Start the container:

Terminal window
docker run -it \
--ipc=host \
-u 0 \
--name xllm-npu \
--privileged \
--network=host \
--device=/dev/davinci0 \
--device=/dev/davinci_manager \
--device=/dev/devmm_svm \
--device=/dev/hisi_hdc \
-v /usr/local/Ascend/driver:/usr/local/Ascend/driver \
-v /usr/local/Ascend/add-ons/:/usr/local/Ascend/add-ons/ \
-v /usr/local/sbin/npu-smi:/usr/local/sbin/npu-smi \
-v /usr/local/sbin/:/usr/local/sbin/ \
-v /var/log/npu/conf/slog/slog.conf:/var/log/npu/conf/slog/slog.conf \
-v /var/log/npu/slog/:/var/log/npu/slog \
-v /var/log/npu/profiling/:/var/log/npu/profiling \
-v /var/log/npu/dump/:/var/log/npu/dump \
-v $HOME:$HOME \
-w $HOME \
<docker_image_name> \
/bin/bash
#!/bin/bash
set -e
rm -rf core.*
source /usr/local/Ascend/ascend-toolkit/set_env.sh
source /usr/local/Ascend/nnal/atb/set_env.sh
export ASCEND_RT_VISIBLE_DEVICES=0
export HCCL_IF_BASE_PORT=43432 # HCCL communication base port
MODEL_PATH="/path/to/model/Qwen3-8B" # Model path
MASTER_NODE_ADDR="127.0.0.1:9748" # Master node address (must be globally consistent)
START_PORT=18000 # Service starting port
START_DEVICE=0 # Starting logical device number
LOG_DIR="log" # Log directory
NNODES=1 # Number of nodes (current script launches 1 process)
mkdir -p $LOG_DIR
for (( i=0; i<$NNODES; i++ ))
do
PORT=$((START_PORT + i))
DEVICE=$((START_DEVICE + i))
LOG_FILE="$LOG_DIR/node_$i.log"
xllm \
--model $MODEL_PATH \
--devices="npu:$DEVICE" \
--port $PORT \
--master_node_addr=$MASTER_NODE_ADDR \
--nnodes=$NNODES \
--max_memory_utilization=0.86 \
--block_size=128 \
--communication_backend="hccl" \
--enable_prefix_cache=false \
--enable_chunked_prefill=true \
--enable_schedule_overlap=true \
--enable_shm=true \
--node_rank=$i \ > $LOG_FILE 2>&1 &
done

For distributed NPU serving, set --communication_backend="hccl", keep --master_node_addr, --node_rank, and --nnodes consistent across all workers, and prepare the rank table when the deployment requires one.
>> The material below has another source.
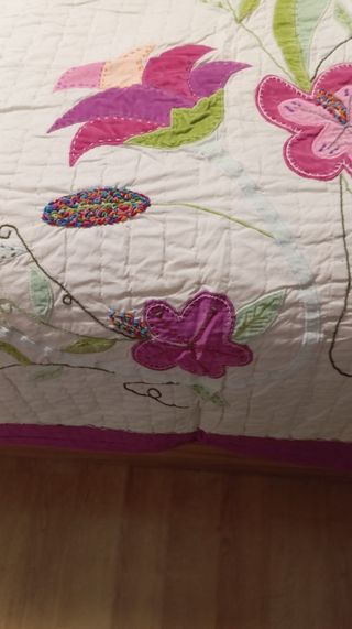 Edredón en muy buen estado, incluye cojín con su relleno, medidas del edredón 255x170cm, cojin de 40x40cm.

  • Pre-built A2 and A3 development images are listed in Quick Start.
  • NPU launch examples usually enable HCCL communication and tune --block_size, --max_memory_utilization, chunked prefill, and schedule overlap for the target workload.
  • Ascend kernel implementation details are documented separately in the TileLang kernel development guide.